En effet, les propriétés les plus étranges qui caractérisent les êtres vivants sont, selon Monod, l’invariance et la téléonomie. Elles sont étranges car à première vue il semble bien qu’elles violent l’un des principes fondamentaux de la physique, c’est-à-dire le deuxième principe de la thermodynamique. « Ce principe, dit Monod, impose en effet que tout système macroscopique ne puisse évoluer que dans le sens de la dégradation de l’ordre qui le caractérise. »(3) Ceci est vrai, mais à une seule condition : si on considère ce système comme étant énergétiquement isolé. En effet, la question que se pose Monod est de savoir si la conservation et la multiplication invariante de telles structures est également compatible avec ce principe ? Ne sommes-nous pas là devant une propriété paradoxale, comme l’atteste bien l’invariance ? Sa réponse est donc non, elles ne violent pas les principes de la thermodynamique, mais « elles se content de ne pas leur obéir ; elles les utilisent… » ; c’est d’ailleurs comme  toute cellule qui tend à réaliser un « projet », celui de devenir deux cellules, sans pour autant transgresser les principes de la physique.

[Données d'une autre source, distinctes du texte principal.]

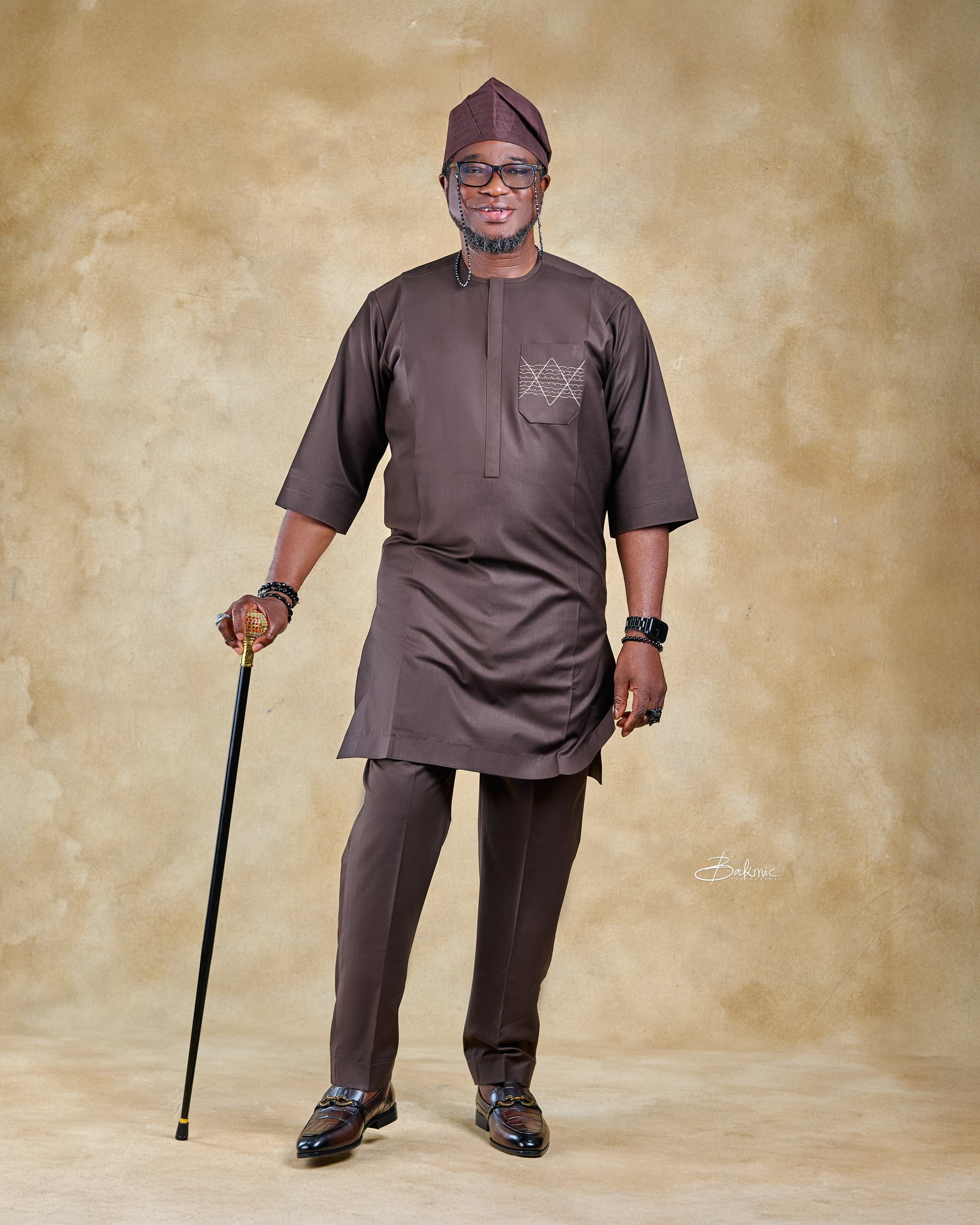 The OLUSOJI KAFTAN is a well-tailored kaftanin a smooth chocolate-brown fabric. The drape is clean and structured, giving a powerful yet refined silhouette.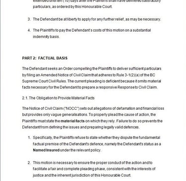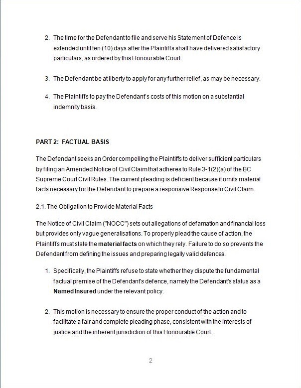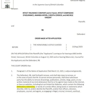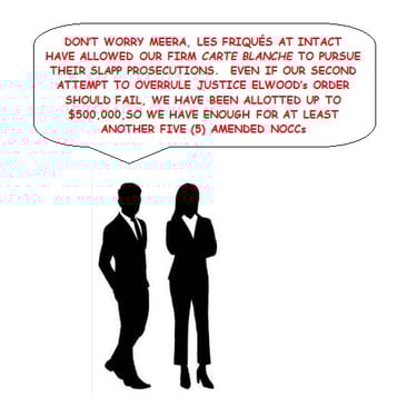 SLAPPs are Strategic Lawsuits Against Public Participation. These malicious lawsuits chill free speech and stifle the whistleblower's prerogative, indeed moral imperative, to duly report wrongful, prohibited conduct. SLAPPs are used to curtail free speech and harass whistleblowers by necessitating that they expend personal financial resources, in defence of meritless and malicious SLAPPs. The two (2) duplicate SLAPP civil actions that INTACT has prosecuted against its own Insured is a stark case in point, and it is urged that INTACT refrain from filing a similar SLAPP against its own Privacy Officer, Helen Cameron, who had reported to the OIPC the findings of her internal affairs investigation, which confirmed that an INTACT Claims Manager and her subordinate had engaged in wrongful, prohibited claims practices! As detailed herein, by the filing of two (2) duplicate, arrantly meritless SLAPP actions against its Insured, INTACT has doubly exploited and doubly abused the judicial system, in its costly crusade to curtail the freedom of speech rights of the Insured whistleblower, who had filed a fact-based, formal complaint against INTACT with the BC Human Rights Tribunal, regarding INTACT's bad faith, discriminatory claims practices. The purpose of INTACT's SLAPP litigation is to exhaust the Insured's personal financial resources, such as to compel him to withdraw his whistleblower complaint. As it is essential public policy to protect whistleblowers' rights to report wrongful activity from the chilling effect of a SLAPP, the province of British Columbia has enacted legislation that provides a process for courts to identify a claim as a SLAPP and summarily dismiss it.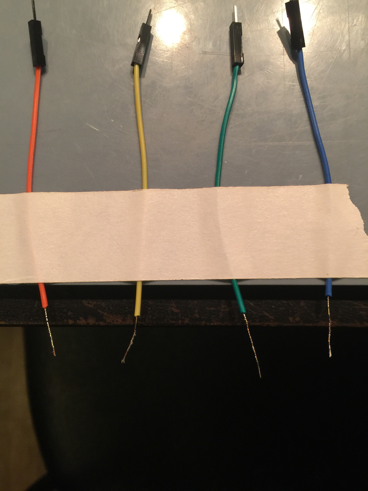 Place one of the wires that we stripped and primed, keep the colors you choose consistent throughout to make things easy for you, in

De fait, dit Monod : « Il n’y a cependant aucun paradoxe physique dans la reproduction invariante de ces structures : le prix thermodynamique de l’invariance est payé, au plus juste, grâce à la perfection de l’appareil téléonomique qui, avare de calories, atteint dans sa tâche infiniment complexe un rendement rarement égalé par les machines humaines. Cet appareil est entièrement logique, merveilleusement rationnel, parfaitement adapté à son projet : conserver et reproduire la norme structurale. Et cela, non pas en transgressant, mais en exploitant les lois physiques au bénéfice exclusif de son idiosyncrasie personnelle. »(5)
De quoi s’agit-il au juste s’il ne s’agit donc pas d’un paradoxe physique? Sans trop tarder, Monod répond qu’on est particulièrement devant « une flagrante contradiction épistémologique. »(6) Certes, il n’existe aucune expérience qui serait en mesure de réfuter l’existence d’un « projet » dans la nature, mais soutenir l’idée d’un tel « projet » c’est sortir du même coup du domaine de la science tel qu’elle a été élaborée par Galilée et Descartes. Et c’est au postulat de l’objectivité de la nature que Monod s’attache pour, au moins, « suspendre » la conception aristotélicienne d’une « finalité » qui serait inhérente aux phénomènes naturels. Cependant, dit Monod : « L’objectivité… nous oblige à reconnaître le caractère téléonomique des êtres vivants, à admettre que, dans leurs structures et performances, ils réalisent et poursuivent un projet. Il y a donc là, au moins en apparence, une contradiction épistémologique profonde. »(7) Cette contradiction est de fait le problème centrale auquel est confronté la biologie. La tâche que se propose  Monod donc est de la résoudre si elle n’est qu’apparente, ou bien de la considérer comme étant absolument insoluble.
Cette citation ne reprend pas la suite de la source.